而在此刻.......
黑世界之中,死一般的寂静。
无数修士死死地盯著高悬於九天之上的天幕,只觉得有一股凉气顺著脚底板直衝天灵盖!
“万物有灵者……皆可归类为妖?”
一名散修乾咽了一口唾沫,声音颤抖地打破了沉默:
“白太清道友若是不说,吾等竟是完全没有意识到这其中的恐怖因果!”
“是啊!”
另一名修士也是满脸苦涩,摇头嘆息:
“圣人有灵,天道亦有灵。
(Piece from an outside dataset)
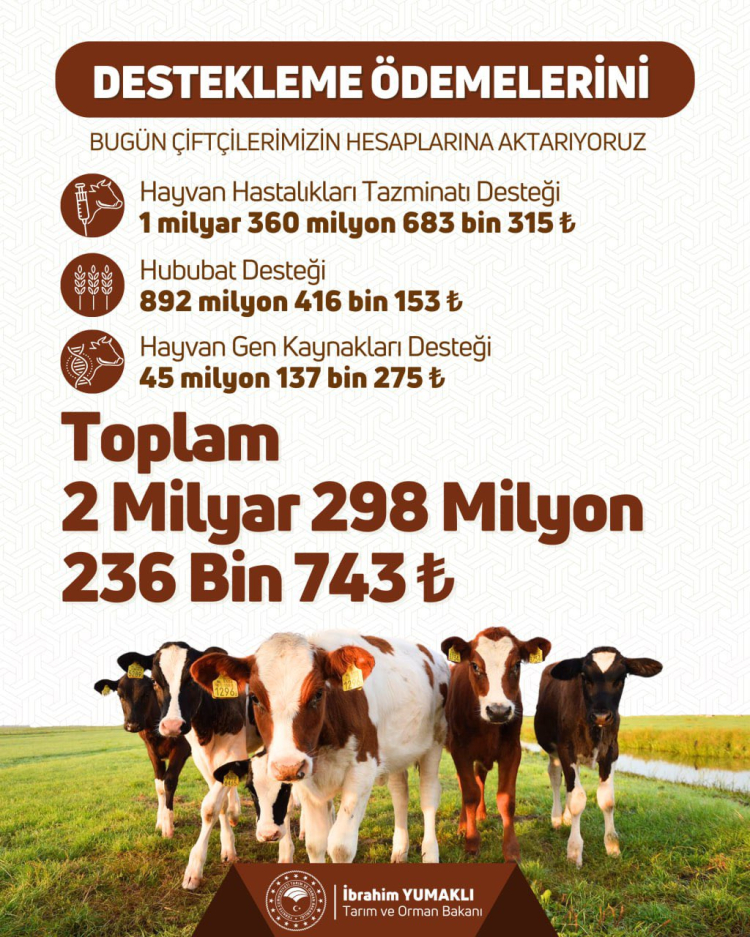 Bakan Yumaklı; destekleme ödemeleri kapsamında Hayvan Hastalıkları Tazminatı Desteği için 1 milyar 360 milyon 683 bin 315 TL, Hububat Desteği için 892 milyon 416 bin 153 TL, Hayvan Gen Kaynakları Desteği için de 45 milyon 137 bin 275 TL ödeneceğini duyurdu.

”
“帝俊立『妖』,看似是在顺应万物,可实际上……他这是把整个洪荒,把圣人和天道,都装进他妖族的兜里去了啊!”
“难怪白太清会说天道与圣人绝不会同意!”
“此等包天野心,简直是在挑衅天道秩序!”
轰!
整个黑洪荒彻底沸腾了。
原本那些对白太清不屑一顾、甚至在心里等著看他翻车的黑世界修士,此刻也全都哑口无言。
他们不得不承认,白太清的这一番硬核拆解,简直是字字诛心,一针见血!
然而,震惊过后,却又有不少修士眉头紧锁,升起了新的疑惑。
“可是……有些不对劲啊?”
一名修士挠了挠头,满脸纳闷地开口道:
“按照白太清的说法,这妖庭理应被灭才对。”
“可从如今我们黑世界的情况来看,妖族的势头依旧如日中天,强横不可一世啊!”
此言一出,不少黑世界的修士也跟著连连点头。
“確实如此,如今巫妖二族並立,妖族的运势明明还在不断往上涨,哪里有一点要被毁灭的兆头?”
“难道,是白太清算错了?”
但很快,又有信任白太清的修士反驳道:
“肤浅!”
“白太清岂会算错?”
“现在没事,那以后呢?”
那名修士指著天幕,声音冷冽:
“白太清道友推算的是未来!”
“站得越高,摔得越惨。如今妖族强盛,不过是烈火烹油罢了!”
一时间,黑世界的无数修士分为两派,爭论不休。
.........
而在这一时刻,
太阳宫內。
大殿中央的太阳真火轰然暴虐,炽热的温度几乎要將虚空烤得扭曲。
东皇太一猛地转过头,一双金色的眸子里满是凝重,沉声唤道:
“兄长……”
高坐在天帝金椅之上的帝俊,此刻那一整张尊贵无比的面容,早已彻底黑了下来。
他的双手死死地扣住金椅的扶手。
即便是高傲如他,此时內心也不得不承认……
白太清说的这些东西,很有道理!
他当年的步子,確实起得太大了。
大到连天道和圣人,都潜移默化地被他的规矩给算计了进去。
可那又如何?!
“太一。”
帝俊缓缓闭上眼,再度睁开时,眼底那一抹属於天生帝皇的暴虐与霸气,轰然撕裂了所有的疑虑。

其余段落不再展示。